As it is told, the story reminds me greatly of the traditional European fairy tale “Jack and the Beanstalk.”  I am wondering, since we are informed that the story is “retold” by the book’s author, whether or not there is any European cross-pollination in the plotline.  A way I could see using it in the classroom (especially in a Lit class) would be to find a more traditional telling of the story in Yup’ik terms and then place it next to Jack and the Beanstalk and ask the kids to compare and contrast the three, trying to answer the question of how, if at all, Jack and the Beanstalk may have influenced the retelling of this Yup’ik tale.  I think it would be an enjoyable question to answer, and could get kids thinking about the way stories can be retold in later settings and by later people.  I might even ask them to prepare a retelling of another story for me, or perhaps a retelling intentionally peppered with elements of another tale.  It could really be a lot of fun.

3 thoughts on “The Hungry Giant of the Tundra”

  1. I appreciate your honesty Ed and I definitely agree that a children’s story better be Light-Speed awesome if it’s going to capture the attention of secondary students.

    This book caught both my and Erin’s eye as well. Which is a great and necessary start (the art has to be really good).

    Also, good speculation on Jack and the Bean Stalk cross-pollination (no pun intended I’m sure).

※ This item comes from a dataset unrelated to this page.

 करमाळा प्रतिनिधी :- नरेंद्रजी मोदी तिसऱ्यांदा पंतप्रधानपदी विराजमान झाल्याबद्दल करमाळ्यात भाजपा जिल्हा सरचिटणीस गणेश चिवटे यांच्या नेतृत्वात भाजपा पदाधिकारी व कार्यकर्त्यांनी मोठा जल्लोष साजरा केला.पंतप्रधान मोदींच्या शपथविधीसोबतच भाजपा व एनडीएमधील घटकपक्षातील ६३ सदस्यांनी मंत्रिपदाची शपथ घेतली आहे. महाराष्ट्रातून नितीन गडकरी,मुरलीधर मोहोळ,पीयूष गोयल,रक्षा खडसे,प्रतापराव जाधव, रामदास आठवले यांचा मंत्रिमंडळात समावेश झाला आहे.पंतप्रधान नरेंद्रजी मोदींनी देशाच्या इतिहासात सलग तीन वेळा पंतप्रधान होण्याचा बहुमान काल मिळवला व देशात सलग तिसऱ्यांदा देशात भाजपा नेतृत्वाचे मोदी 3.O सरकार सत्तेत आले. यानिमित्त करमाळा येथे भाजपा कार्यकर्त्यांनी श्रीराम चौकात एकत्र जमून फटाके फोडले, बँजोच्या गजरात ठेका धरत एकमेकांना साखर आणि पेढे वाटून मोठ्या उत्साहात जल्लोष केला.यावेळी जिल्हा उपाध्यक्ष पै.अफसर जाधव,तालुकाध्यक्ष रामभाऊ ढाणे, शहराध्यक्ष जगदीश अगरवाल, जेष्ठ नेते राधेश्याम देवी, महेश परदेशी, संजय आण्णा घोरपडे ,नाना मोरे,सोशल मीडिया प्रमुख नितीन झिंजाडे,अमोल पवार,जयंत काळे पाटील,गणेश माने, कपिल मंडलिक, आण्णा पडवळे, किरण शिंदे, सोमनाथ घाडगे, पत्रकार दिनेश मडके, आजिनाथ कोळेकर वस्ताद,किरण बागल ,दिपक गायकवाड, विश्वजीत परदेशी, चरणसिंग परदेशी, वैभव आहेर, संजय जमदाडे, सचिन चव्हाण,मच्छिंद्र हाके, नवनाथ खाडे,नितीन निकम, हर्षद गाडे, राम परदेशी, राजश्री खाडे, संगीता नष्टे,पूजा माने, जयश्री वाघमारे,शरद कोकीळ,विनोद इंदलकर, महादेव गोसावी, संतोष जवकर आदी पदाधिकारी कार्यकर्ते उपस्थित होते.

I like your compare and contrast idea and your focus on the morphing of story over time.

  2. (First of all, thank you for prompting me to look up the word “pedantic.”)
    Otherwise: I like how this book titles itself as “retold be” instead of the author claiming full credit.
    It’s always interesting to think about where stories “originate.” For a long time, I believed that every modern story line stemmed from Shakespeare because that’s what an English teacher told me. (By that standard, I guess that means all other stories are “pre-literature…)

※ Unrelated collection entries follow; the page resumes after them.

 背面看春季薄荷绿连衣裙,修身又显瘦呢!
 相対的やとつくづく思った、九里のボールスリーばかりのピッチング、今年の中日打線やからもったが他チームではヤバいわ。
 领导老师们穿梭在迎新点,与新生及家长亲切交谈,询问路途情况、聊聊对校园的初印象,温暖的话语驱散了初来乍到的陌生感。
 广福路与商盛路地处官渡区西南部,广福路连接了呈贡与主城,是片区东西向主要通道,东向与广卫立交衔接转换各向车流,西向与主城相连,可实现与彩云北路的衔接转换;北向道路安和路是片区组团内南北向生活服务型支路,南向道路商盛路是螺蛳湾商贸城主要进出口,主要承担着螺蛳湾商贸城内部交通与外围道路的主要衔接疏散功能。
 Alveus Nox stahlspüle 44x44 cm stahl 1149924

    1. I have strong doubts about your old English teacher’s claim about Shakespeare. Maybe you could say that his work reflects every modern type of categorization, according to a certain schema. But certainly not every storyline stems from him, for heaven’s sake. I mean, plot lines about not knowing who you are have been around in Western drama since at least Oedipus Rex, and stories of betrayal by family (etc.) go back at least as far as Genesis.